Le fibre d’amianto inalate nei polmoni viaggiano nel sangue e possono raggiungere le cellule del pericardio. Tali fibre possono causare mutazioni genetiche e  innescare il processo tumorale di proliferazione incontrollata delle cellule mesoteliali dei due strati. L’ispessimento del pericardio porta conseguentemente alla compressione del cuore.

I sintomi del mesotelioma pericardico

La maggior parte dei sintomi del mesotelioma pericardico sono la conseguenza dell’accumulo di fluidi e dell’ispessimento delle due membrane di cui il pericardio è costituito.

I sintomi comuni possono essere:

  • palpitazioni e/o aritmie del cuore;
  • dolore toracico;
  • suoni cardiaci anormali;
  • tosse;
  • dispnea e affaticamento respiratorio, ortopnea (dispnea da sdraiati);
  • febbre alta;
  • eccessiva sudorazione notturna.

Si tratta di sintomi piuttosto aspecifici per il cancro, cosa che rende assai difficile la diagnosi di mesotelioma pericardico.

Gli esami diagnostici per il mesotelioma pericardico

La diagnosi clinica di mesotelioma pericardico si avvale di metodologie diagnostiche quali:

  • la risonanza magnetica nucleare: utile per valutare lo sviluppo e l’estensione del tumore;
  • la biopsia: per la conferma istologica della diagnosi di mesotelioma;
  • la radiografia del torace: per la caratteristica morfologia assunta dal cuore nel caso di mesotelioma pericardico;
  • PET-CT scan: ovvero la tomografia ad emissione di positroni e la tomografia computerizzata, metodologie d’immagine per l’identificazione del tumore.

Trattamenti e prognosi del mesotelioma pericardico

Purtroppo la prognosi per questo tipo di tumore è poverissima data anche la difficoltà di trattamenti chirurgici e radioterapici per la vicinanza ad organi vitali quali il cuore e i polmoni.

La terapia farmacologica standard per il mesotelioma prevede cicli di pemetrexed in combinazione con cisplatino e carboplatino somministrati sotto la sorveglianza dell’oncologo in modalità che dipendono dall’età e dalle condizioni generali del paziente.

La radioterapia può essere tuttavia utilizzata a scopi palliativi.

Esposizione professionale ad asbesto e mesotelioma pericardico: un caso di esposizione familiare

In uno studio risalente al 1999 “Mesotelioma pericardico da esposizione familiare ad asbesto”, pubblicato nell’European Journal of Oncology, vol. 4, n. 4, pp. 465-468, si riporta il caso di un uomo non professionalmente esposto ad asbesto, che ha vissuto dalla nascita nella stessa abitazione con il padre, e che ha contratto il mesotelioma pericardico, malattia in seguito alla quale è deceduto.

Il padre aveva lavorato a contatto con la fibra killer (amianto o asbesto) in una acciaieria fonderia di Piombino dove il materiale era utilizzato come materiale di coibentazione, fatto all’origine della contaminazione domestica.

Il tempo di latenza fra la presunta esposizione all’asbesto e l’insorgere della malattia è stato di 22 anni.
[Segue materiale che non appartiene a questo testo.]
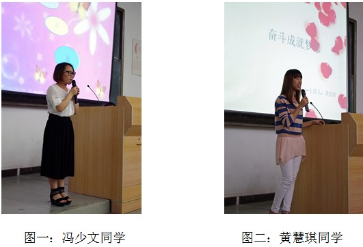 随后,黄慧琪同学则以“奋斗成就梦想”为主题,与我们分享了她的故事。黄慧琪同学首先以“你想从大学中获得什么?”的问题开场,接着讲述了她的读书经历,从小学开始便住校的她,身上透露出一种独立和坚强。
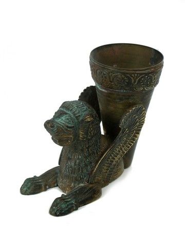 From the hit remake of "The Mummy" (1999) starring Brendon Frasier, this is a screen used brass statue candle holder-chalice. (approx. 5" x 4.25" x 2.5")
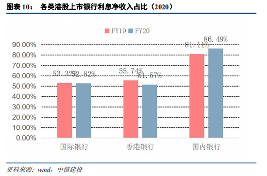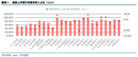 只在港股上市的国内银行利息净收入占比明显上升,除泸州银行、贵州银行同比下降外,其他国内银行占比均同比提升。其中锦州银行、盛京银行、甘肃银行的利息净收入接近100%,占比同比上升超过10个百分点。
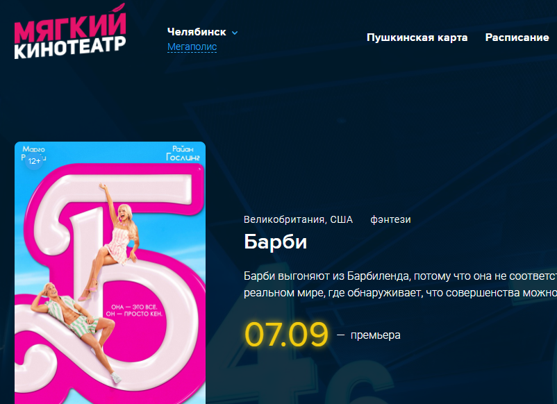 Когда фильм «Барби» появится в расписании других кинотеатров Челябинска — пока неизвестно. Билеты на сеансы в «Мегаполис» купить пока нельзя. Добавим, что реклама фильма появилась и в кинотеатрах соседнего Екатеринбурга — постеры «Барби» и ее альтер-эго «Оппенгеймера» — другой нашумевшей премьеры были замечены в «Пассаже».
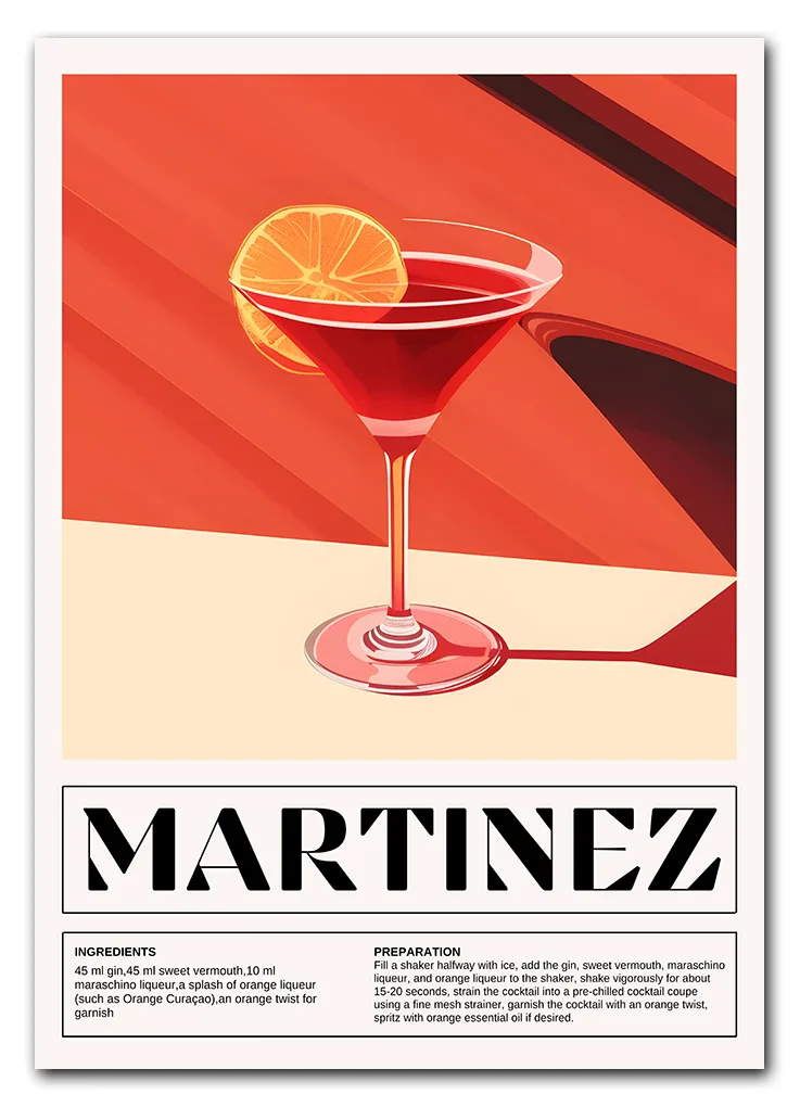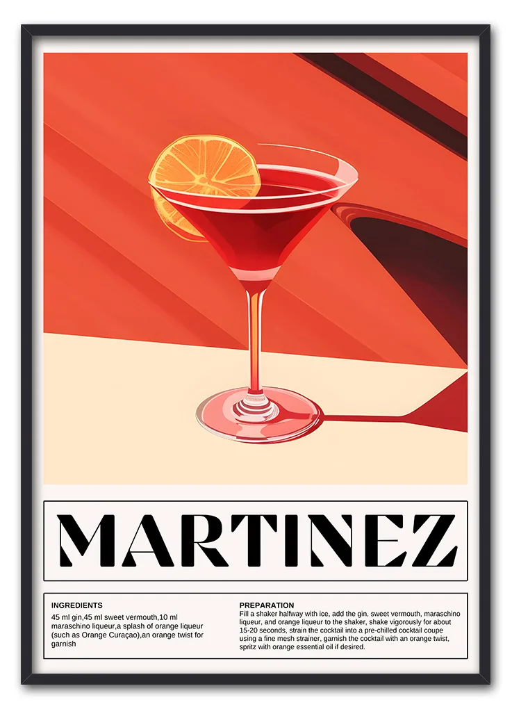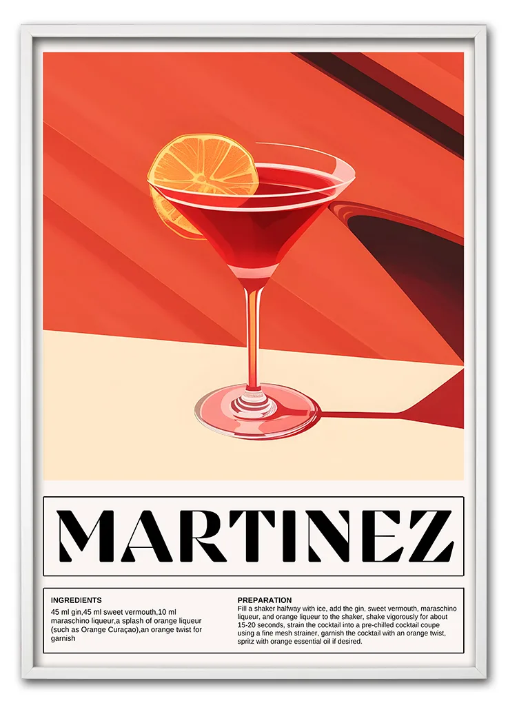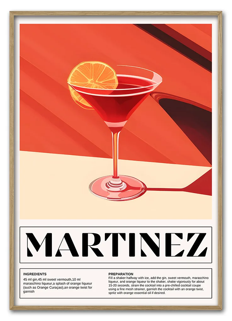 Bar Icons – Martinez er en elegant og farverig plakat med den klassiske cocktail i centrum. Farverne spænder fra rød og orange til gyldne nuancer, hvilket skaber en varm og indbydende stemning. Motivet har en retroinspireret streg og typografi, som tilfører karakter og stil. Perfekt til stuen, køkkenet eller som en del af en billedvæg med flere cocktails fra Bar Icons-serien. Martinez fungerer både alene og i selskab med drinks som Negroni, Dirty Martini eller Gin & Lemon. En ægte favorit til den designbevidste cocktailfan.
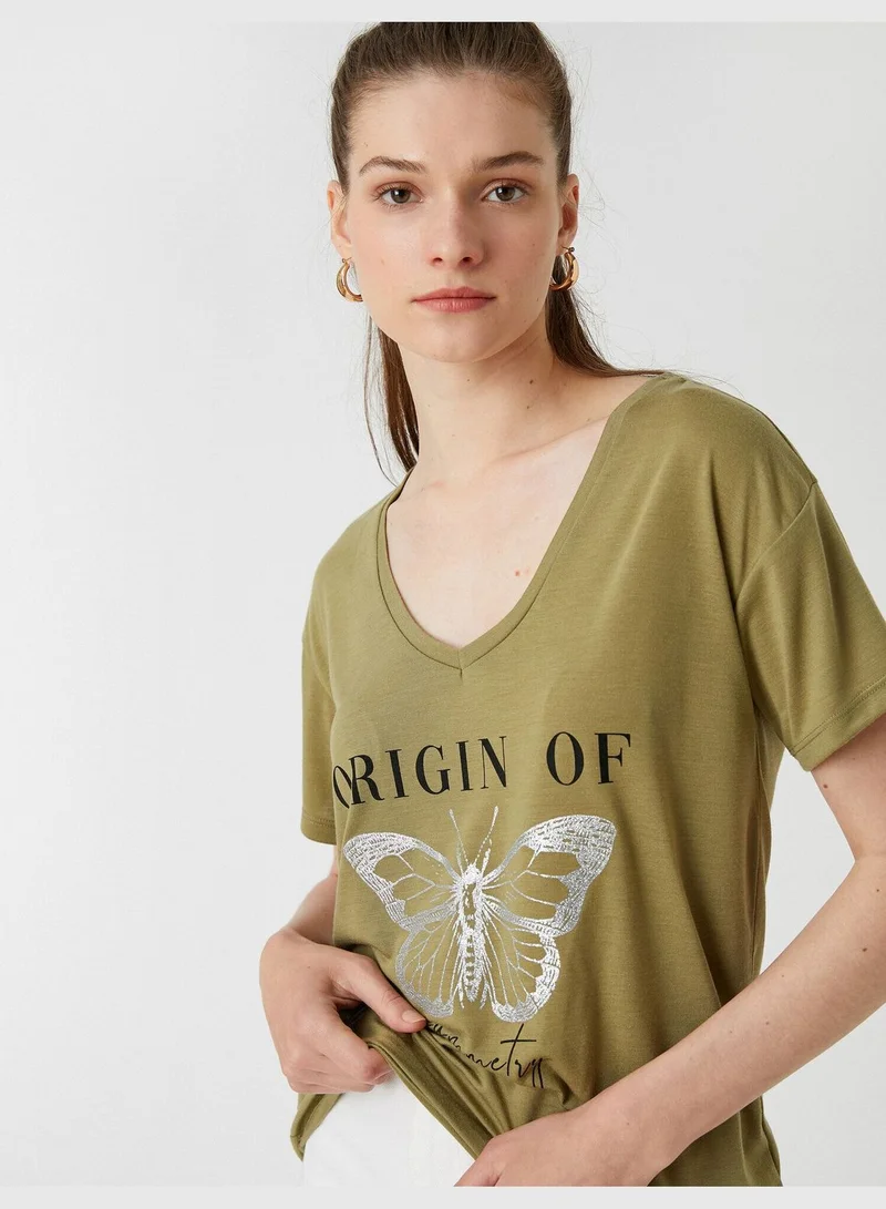 KOTON Printed T-Shirt V Neck Short Sleeve

Il padre infatti aveva iniziato a lavorare nell’acciaieria fonderia nel 1975, mentre il figlio si era ammalato solo nel 1997.

Il rischio di insorgenza di mesoteliomi in familiari di lavoratori professionalmente esposti ad asbesto è noto in letteratura.

Molti casi si sono verificati infatti fra i familiari delle ex Ferrovie dello Stato, in aziende di materiali rotabili ferroviari, ma anche in altri settori.